Rachel Reeves has made a fanfare at the International Monetary Fund meetings in Washington about her 'bold' plans to help cut energy costs for business. It scarcely needs saying these are too little, too late.
UK industry had the highest energy costs of any comparable economy before the Iran war – and we are not talking about a little, but a lot.
The most recent figures from the Office for National Statistics for electricity show an industrial user price in 2023 of 25.85p per kilowatt hour in the UK. In the US, it was just under 6.5p. France and Germany hover around the International Energy Association median, a touch below 18p.
In Norway, our fellow North Sea oil and gas nation, the figure was 6.64p.
As an aside, the Norwegians also had the good sense to set up a sovereign wealth fund in the 1990s for their oil wealth. It was worth around £1.55trillion at the end of last year, or £282,000 for every citizen, and made a profit of more than £170 billion that would have come in handy.
Our gas prices are broadly in line with the EU medians but a lot higher than in the US. The UK's reliance on liquefied natural gas (LNG) imports leaves us vulnerable to price volatility and supply issues.
This, then, is the context for Ed Miliband's green posturing and the Chancellor's so far ineffectual efforts to help manufacturers.
She extended a scheme to cut electricity bills for intensive energy users by up to 20 per cent by removing green levies.
Problem is, it will still only help 10,000 of the UK's manufacturing firms, and backdated payments won't start until 2027, by which time some will have gone bust.
A separate measure to scrap a carbon tax on power stations will not take effect until 2028. Some are on the brink now, negotiating new energy contracts at much higher prices at the same time as they face increases in rents, business rates and employment costs.
US President Donald Trump urges the UK to 'drill, baby, drill' in the North Sea, but Energy Secretary Ed Miliband appears wedded to virtue-signalling as custodian of Labour's climate credentials.
Decisions on the Rosebank and Jackdaw fields, previously approved but then stymied by the courts, are in limbo.
Rosebank, the biggest, could alone create £8.5billion of investment, boost the wider economy by £25billion and create 2,000 jobs at the peak, according to its developers Shell and Norwegian oil giant Equinor.
No one is saying this is easy.

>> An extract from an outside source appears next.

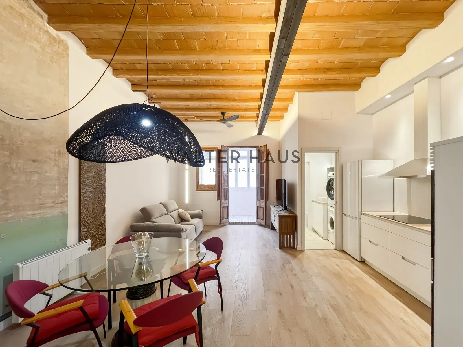 Techos altos, suelos con personalidad y ventiladores de techo que completan su estilo auténtico.

The Chancellor has very limited headroom and lots of hungry mouths clamouring for help.
But high energy costs have played a big part in the near-destruction of our steel industry. They are chasing away overseas investors, as we saw when OpenAI shelved plans for a major facility due to high energy costs.
Energy policy has not been taken seriously enough by this government or by its predecessors, who took the view we could just keep on importing cheap gas.
We have been far too slow to renew our ageing nuclear fleet. No other country would have taken so long to approve domestic champion Rolls-Royce, to develop small modular reactors.
The Rough storage field, shut under the Tories then reopened, remains in abeyance under Labour.
For decades, governments have squandered our natural bounty, succumbed to climate change mania and failed to recognise the strategic importance of supply.
The Ukraine and Iran wars show the urgent need for change. What more will it take?